-- Material provided follows --

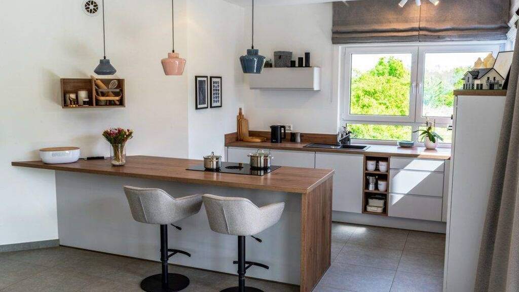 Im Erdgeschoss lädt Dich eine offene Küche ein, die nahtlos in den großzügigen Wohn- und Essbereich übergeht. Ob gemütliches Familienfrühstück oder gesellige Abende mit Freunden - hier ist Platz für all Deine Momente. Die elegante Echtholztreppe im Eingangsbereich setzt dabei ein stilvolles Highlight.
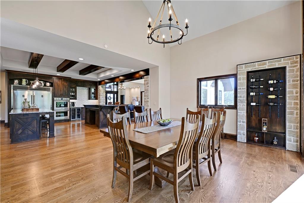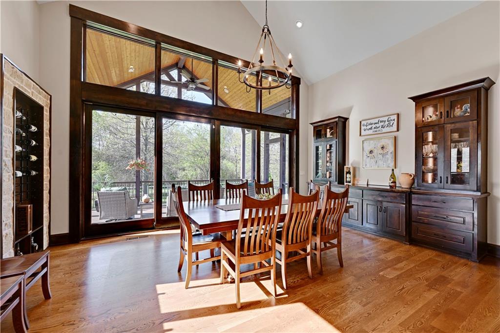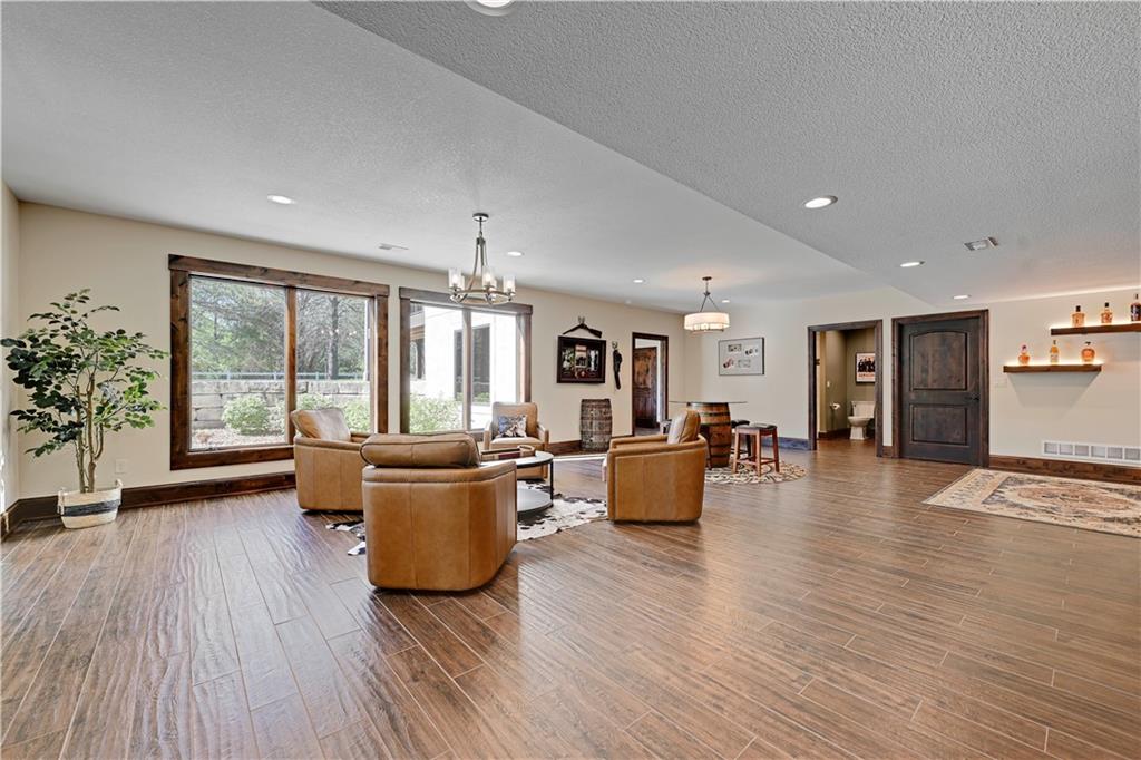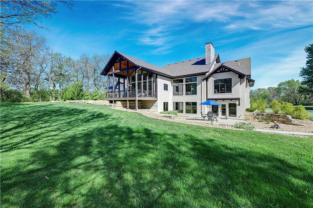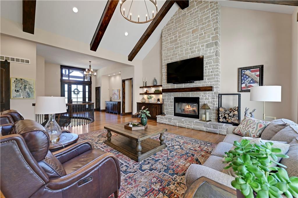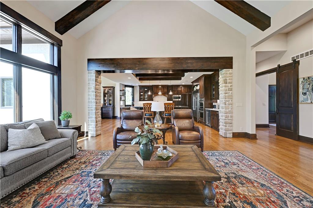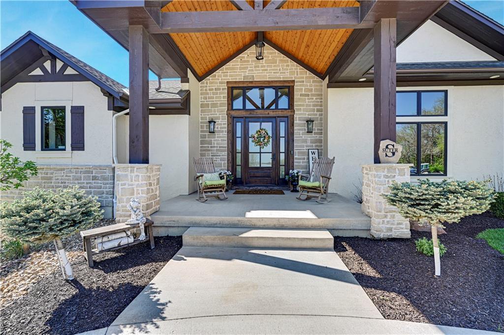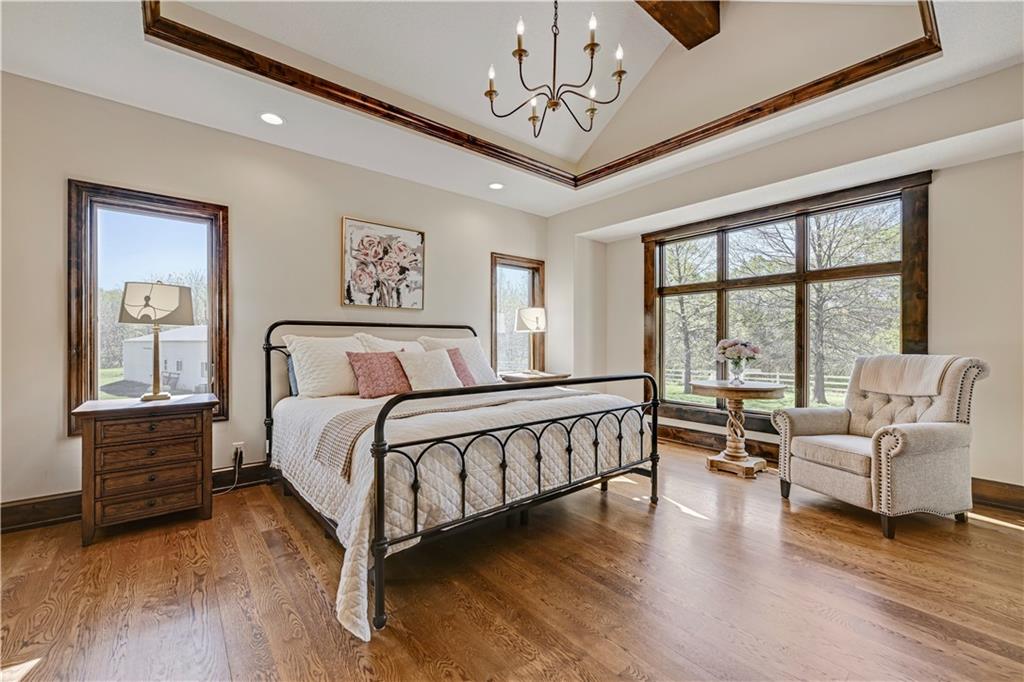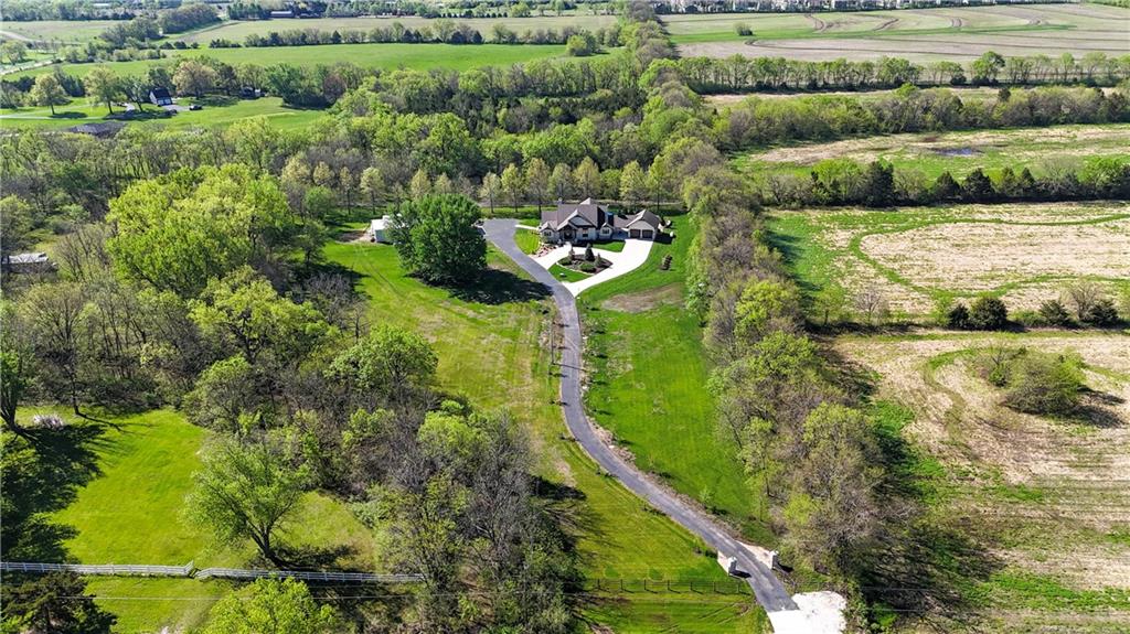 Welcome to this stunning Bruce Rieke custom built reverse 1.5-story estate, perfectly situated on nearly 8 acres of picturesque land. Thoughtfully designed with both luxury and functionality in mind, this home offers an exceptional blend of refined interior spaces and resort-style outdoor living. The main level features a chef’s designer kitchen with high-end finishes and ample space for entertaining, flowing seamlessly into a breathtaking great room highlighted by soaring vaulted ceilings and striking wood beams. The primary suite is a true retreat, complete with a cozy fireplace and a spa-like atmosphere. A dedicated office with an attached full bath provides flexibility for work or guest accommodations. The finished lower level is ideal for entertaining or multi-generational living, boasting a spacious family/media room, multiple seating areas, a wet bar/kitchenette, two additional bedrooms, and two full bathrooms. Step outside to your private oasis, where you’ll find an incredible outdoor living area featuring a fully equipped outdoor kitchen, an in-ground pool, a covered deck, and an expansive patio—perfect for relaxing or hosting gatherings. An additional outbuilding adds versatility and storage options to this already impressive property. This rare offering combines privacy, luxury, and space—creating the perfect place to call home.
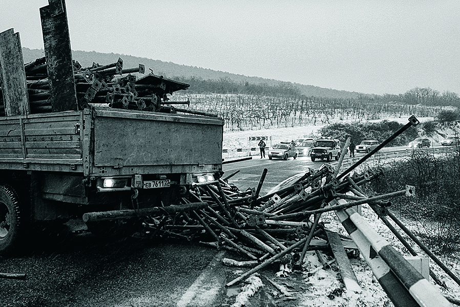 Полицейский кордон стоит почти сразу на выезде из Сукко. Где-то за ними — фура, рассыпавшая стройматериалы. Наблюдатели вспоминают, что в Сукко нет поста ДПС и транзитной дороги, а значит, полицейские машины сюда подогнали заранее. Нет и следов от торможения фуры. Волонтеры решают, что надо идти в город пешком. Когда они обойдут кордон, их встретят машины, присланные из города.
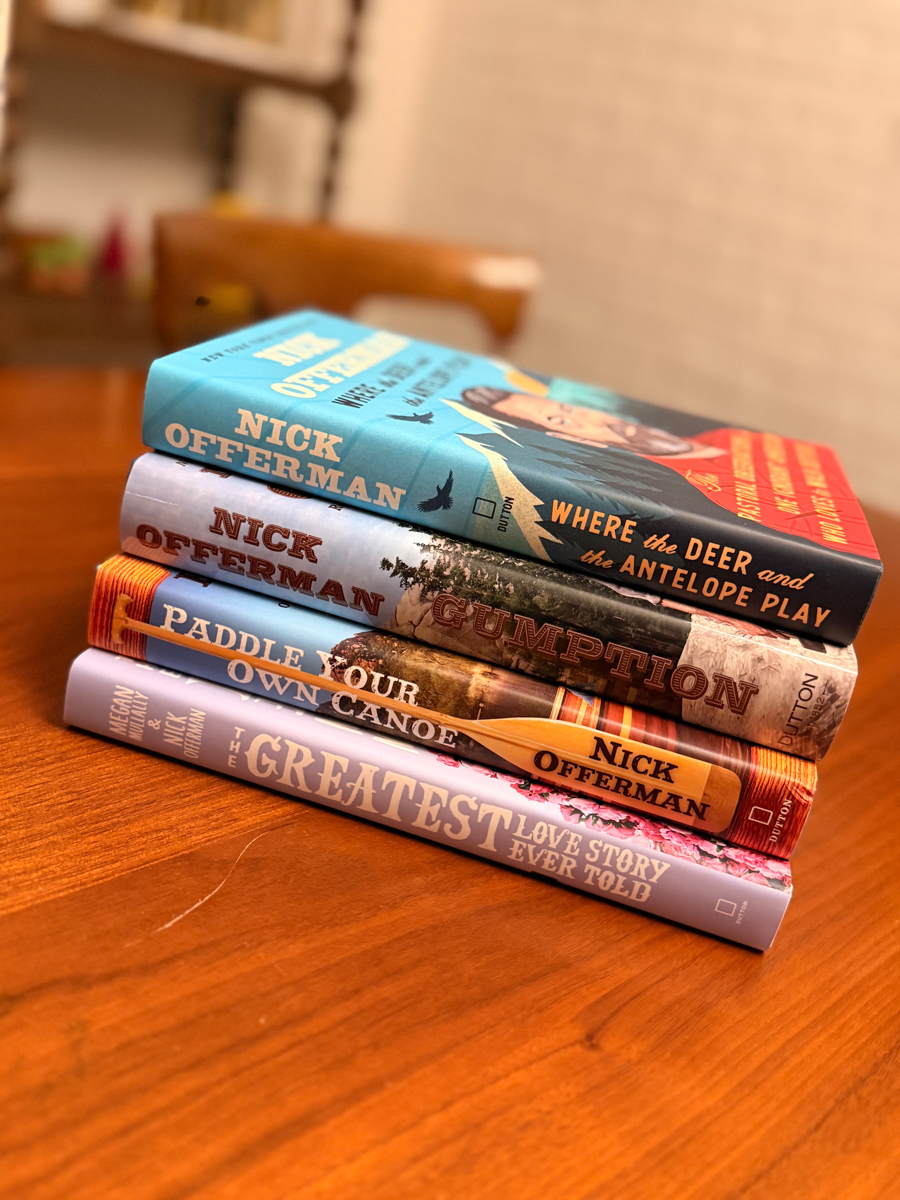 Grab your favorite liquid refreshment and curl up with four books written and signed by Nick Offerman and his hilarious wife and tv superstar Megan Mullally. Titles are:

-- Material provided concluded --

◆ **What you have to do**: Write the data out again exactly, but without its images.

◆ **Answer section**:
 Im Erdgeschoss lädt Dich eine offene Küche ein, die nahtlos in den großzügigen Wohn- und Essbereich übergeht. Ob gemütliches Familienfrühstück oder gesellige Abende mit Freunden - hier ist Platz für all Deine Momente. Die elegante Echtholztreppe im Eingangsbereich setzt dabei ein stilvolles Highlight.
 Welcome to this stunning Bruce Rieke custom built reverse 1.5-story estate, perfectly situated on nearly 8 acres of picturesque land. Thoughtfully designed with both luxury and functionality in mind, this home offers an exceptional blend of refined interior spaces and resort-style outdoor living. The main level features a chef’s designer kitchen with high-end finishes and ample space for entertaining, flowing seamlessly into a breathtaking great room highlighted by soaring vaulted ceilings and striking wood beams. The primary suite is a true retreat, complete with a cozy fireplace and a spa-like atmosphere. A dedicated office with an attached full bath provides flexibility for work or guest accommodations. The finished lower level is ideal for entertaining or multi-generational living, boasting a spacious family/media room, multiple seating areas, a wet bar/kitchenette, two additional bedrooms, and two full bathrooms. Step outside to your private oasis, where you’ll find an incredible outdoor living area featuring a fully equipped outdoor kitchen, an in-ground pool, a covered deck, and an expansive patio—perfect for relaxing or hosting gatherings. An additional outbuilding adds versatility and storage options to this already impressive property. This rare offering combines privacy, luxury, and space—creating the perfect place to call home.
 Полицейский кордон стоит почти сразу на выезде из Сукко. Где-то за ними — фура, рассыпавшая стройматериалы. Наблюдатели вспоминают, что в Сукко нет поста ДПС и транзитной дороги, а значит, полицейские машины сюда подогнали заранее. Нет и следов от торможения фуры. Волонтеры решают, что надо идти в город пешком. Когда они обойдут кордон, их встретят машины, присланные из города.
 Grab your favorite liquid refreshment and curl up with four books written and signed by Nick Offerman and his hilarious wife and tv superstar Megan Mullally. Titles are:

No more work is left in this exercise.